# FrameSet !!!



## schebi (11. August 2001)

Habe mir eine Seite erbaut und dann ein Frameset zusammen gestellt wo die einzelnen Datei(bilder) so angordnet werden das es ein Schönes Bild ergibt ! das Problem ist allerdings  das es von der Fenstergröße an hängt ob alles passt ! 
Am liebsten wäre es mir wenn alles immer in der Mitte des Fensters steht und sich auch nicht verändert wenn man das fenster Größer oder kleiner macht. Hab allerdings keine Ahnung wie ich das am besten anstelle ! Vielleicht schaut ihr euch das FrameSet einfach mal an. 
zu finden unterSchebeko.de 
Für euer bemühen danke ich euch !
Schön wär so was ähnliches wie <DIV absolute-position> !!1 
MfG Jan


----------



## Maximka (12. August 2001)

*mal eine Frage?*

muessen es den Frames sein?

Du koenntest doch eine Tabelle machen mit fester Breite und Hoehe.

Sonst kA.


----------



## schebi (13. August 2001)

*Ja es muss ien Frameset sein !!!*

denn sonst wüsste ich nicht wie ich in der Mitte die Seiten zeigen soll die ich bei den Links anwähle!
mfg schebi


----------



## Maximka (13. August 2001)

Ich hab jetzt so ein FrameSet gemacht, und es funzte.
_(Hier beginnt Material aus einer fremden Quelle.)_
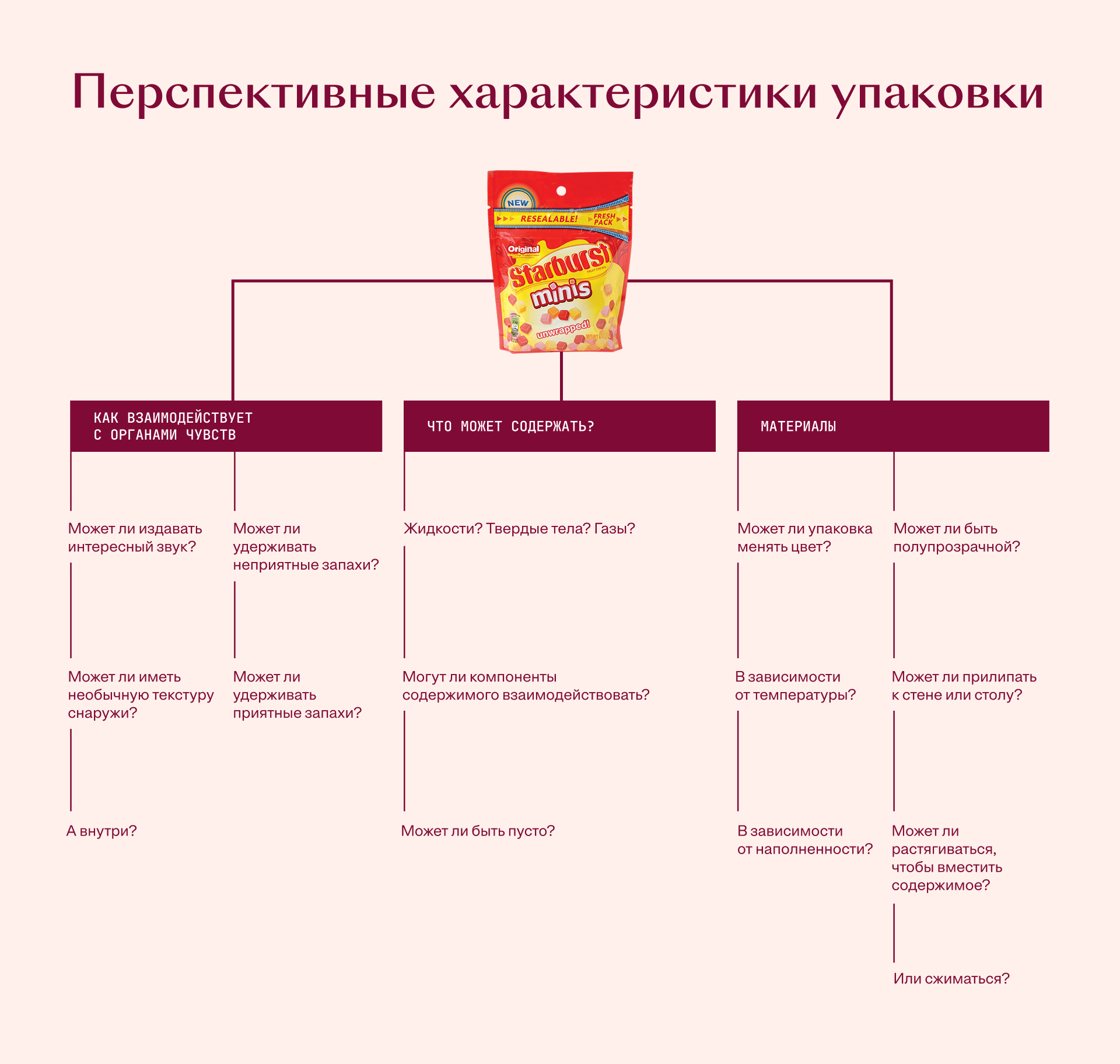 Почему? Когда людям дают продукт и просят создать новый дизайн или его вариацию, они склонны фиксироваться на характеристиках текущей версии. Это препятствие для новизны называется фиксацией на дизайне (design fixation). Возьмем пример из реального мира: когда людям показывают прочный закрывающийся пакет, полный конфет, и просят придумать новый дизайн, они склонны манипулировать характеристиками текущей версии — фокусируются на ширине основания пакета или жесткости пластика, позволяющей ему стоять. Однако, чтобы по-настоящему проявить новаторский подход, вам нужно манипулировать теми характеристиками, которые все остальные упустили из виду.

<frameset cols="50%,200,50%">
	<frameset rows="50%,200,50%">
		<frame src="linksoben.html">
		<frame src="linksmitte.html">
		<frame src="linksunten.html">
	</frameset>
	<frameset rows="50%,200,50%">
		<frame src="mitteoben.html">
		<frame src="mittemitte.html">
		<frame src="mitteunten.html">
	</frameset>
	<frameset rows="50%,200,50%">
		<frame src="rechtsoben.html">
		<frame src="rechtsmitte.html">
		<frame src="rechtsunten.html">
	</frameset>
</frameset>

Das einzige:
jetzt muss du in den jeweiligen HTMLs die imgs an den Content bringen.
Sprich:
in linksoben in die rechte untere Ecke setzen
in linksmitte an den rechten Rand usw.


----------